─── Input

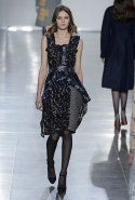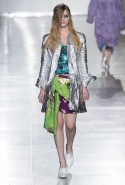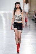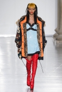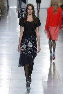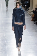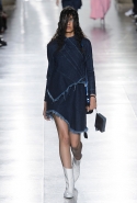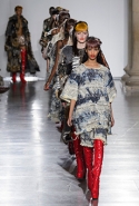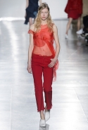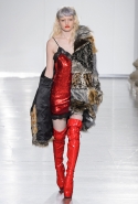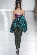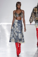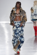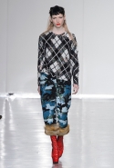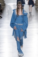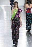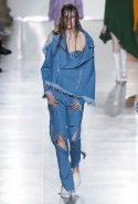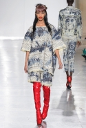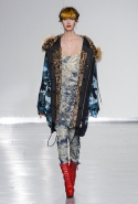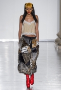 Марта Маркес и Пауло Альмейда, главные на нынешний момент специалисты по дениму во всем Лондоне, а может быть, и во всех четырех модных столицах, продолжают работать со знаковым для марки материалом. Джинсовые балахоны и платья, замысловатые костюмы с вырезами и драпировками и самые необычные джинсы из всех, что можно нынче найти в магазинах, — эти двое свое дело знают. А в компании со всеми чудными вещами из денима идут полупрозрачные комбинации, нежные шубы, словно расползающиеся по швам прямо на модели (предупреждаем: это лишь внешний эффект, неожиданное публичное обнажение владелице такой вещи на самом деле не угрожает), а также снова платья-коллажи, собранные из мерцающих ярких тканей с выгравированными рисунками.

──────
─── Input

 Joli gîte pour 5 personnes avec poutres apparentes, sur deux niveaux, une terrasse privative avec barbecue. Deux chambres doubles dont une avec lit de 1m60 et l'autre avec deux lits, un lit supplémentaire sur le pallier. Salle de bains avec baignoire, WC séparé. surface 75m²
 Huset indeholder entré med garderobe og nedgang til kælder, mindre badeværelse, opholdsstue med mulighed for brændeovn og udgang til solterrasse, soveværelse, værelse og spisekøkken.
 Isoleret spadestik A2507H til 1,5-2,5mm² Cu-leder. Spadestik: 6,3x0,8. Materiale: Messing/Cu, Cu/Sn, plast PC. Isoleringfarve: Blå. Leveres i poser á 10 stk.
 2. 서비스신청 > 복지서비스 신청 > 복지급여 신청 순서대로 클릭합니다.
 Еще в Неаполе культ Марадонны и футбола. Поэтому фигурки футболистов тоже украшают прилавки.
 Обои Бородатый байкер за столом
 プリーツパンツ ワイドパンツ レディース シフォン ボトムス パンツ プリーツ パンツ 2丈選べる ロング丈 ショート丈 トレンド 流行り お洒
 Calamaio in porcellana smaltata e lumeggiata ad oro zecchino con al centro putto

──────

> [Work order] Above are the records; from them, give again exactly the lines from the one containing "Huset indeholder entré" through the one containing "プリーツパンツ ワイドパンツ レディース", both included.

> [Result of this exercise]
 Huset indeholder entré med garderobe og nedgang til kælder, mindre badeværelse, opholdsstue med mulighed for brændeovn og udgang til solterrasse, soveværelse, værelse og spisekøkken.
 Isoleret spadestik A2507H til 1,5-2,5mm² Cu-leder. Spadestik: 6,3x0,8. Materiale: Messing/Cu, Cu/Sn, plast PC. Isoleringfarve: Blå. Leveres i poser á 10 stk.
 2. 서비스신청 > 복지서비스 신청 > 복지급여 신청 순서대로 클릭합니다.
 Еще в Неаполе культ Марадонны и футбола. Поэтому фигурки футболистов тоже украшают прилавки.
 Обои Бородатый байкер за столом
 プリーツパンツ ワイドパンツ レディース シフォン ボトムス パンツ プリーツ パンツ 2丈選べる ロング丈 ショート丈 トレンド 流行り お洒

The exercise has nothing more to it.